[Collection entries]
####

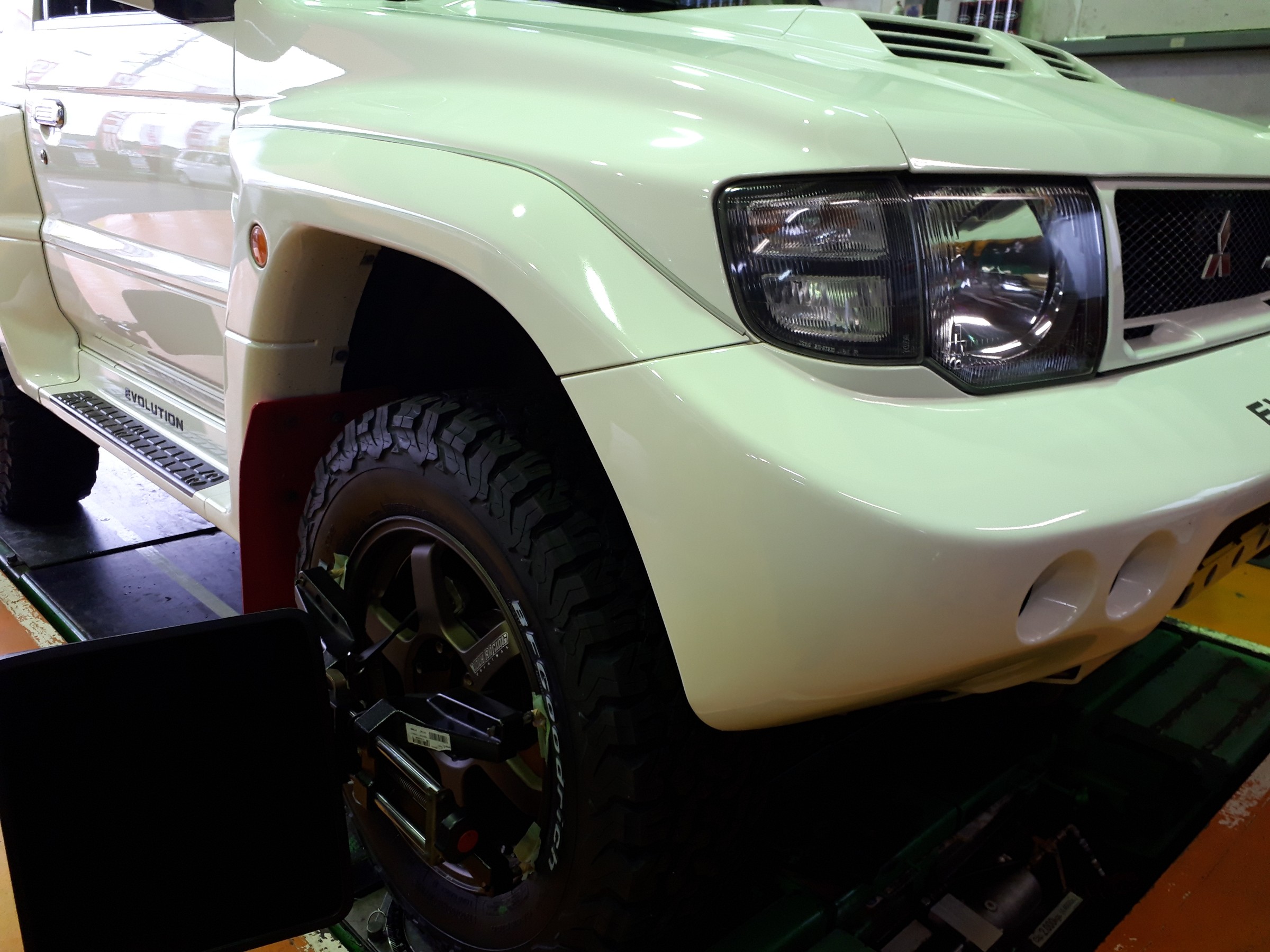 今回はミツビシ パジェロエボのアライメント調整を取りました!
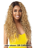 Premium Daily THORA Lace Part Wig. Heat resistant fiber. Color shown is DR CARAMEL. Hand-tied deep lace part wig. Comes with average size cap and adjustable straps. Cap comes with front and back combs. Manufactured by Outre.
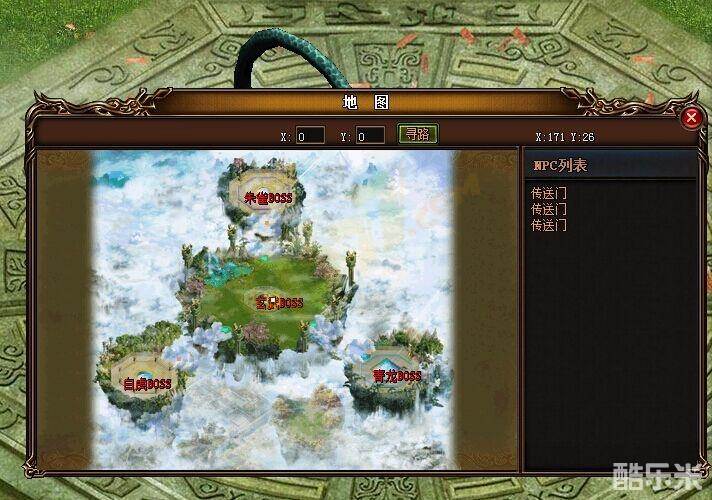 大家进入到天空圣兽台地图内,通过地图功能M,打开当前地图就能发现里的boss数量、boss大概位置所在哦。赤月传说天空圣兽台共有4只boss,分别是青龙boss、朱雀boss、白虎boss、玄武boss,这些boss刷新时间间隔均为60分钟,它们刷新不同的方位上,大家可结合地图功能寻找。
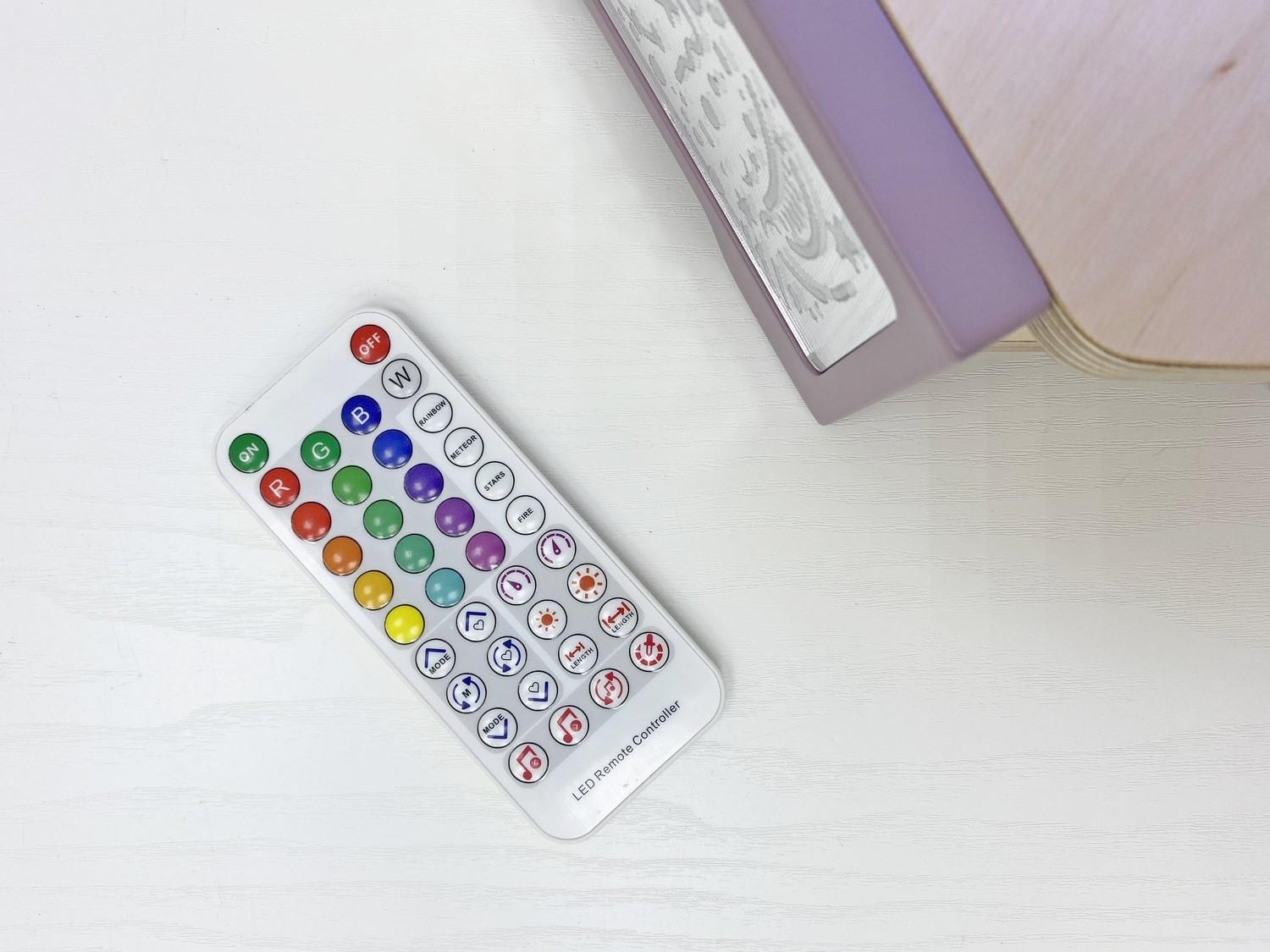 Свечение колонны регулируется с пульта управления, в нём есть 142 динамических режима: можно переключать цвета, скорость и плавность их смены, добавлять различные спецэффекты. Предусмотрена функция сбора любимых эффектов: те, что вам больше нравятся, будут выделены в отдельный плейлист.
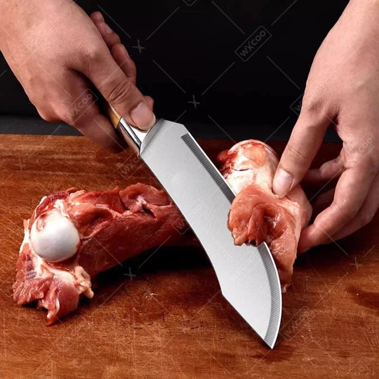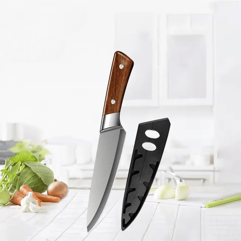 Ces couteaux de cuisine se distinguent par leur design original et leur fabrication pratique. La lame incurvée facilite la découpe et le hachage, tandis que la poignée en bois ergonomique assure une prise en main ferme et confortable. Chaque couteau est livré avec un étui en plastique qui protège la lame même lors du rangement.

####

# Work task
Starting with the line that has "大家进入到天空圣兽台地图内,通过地图功能" and ending with the last line of the records, retype every line exactly and only those lines. Do not include the pictures.

# Exercise output
 大家进入到天空圣兽台地图内,通过地图功能M,打开当前地图就能发现里的boss数量、boss大概位置所在哦。赤月传说天空圣兽台共有4只boss,分别是青龙boss、朱雀boss、白虎boss、玄武boss,这些boss刷新时间间隔均为60分钟,它们刷新不同的方位上,大家可结合地图功能寻找。
 Свечение колонны регулируется с пульта управления, в нём есть 142 динамических режима: можно переключать цвета, скорость и плавность их смены, добавлять различные спецэффекты. Предусмотрена функция сбора любимых эффектов: те, что вам больше нравятся, будут выделены в отдельный плейлист.
 Ces couteaux de cuisine se distinguent par leur design original et leur fabrication pratique. La lame incurvée facilite la découpe et le hachage, tandis que la poignée en bois ergonomique assure une prise en main ferme et confortable. Chaque couteau est livré avec un étui en plastique qui protège la lame même lors du rangement.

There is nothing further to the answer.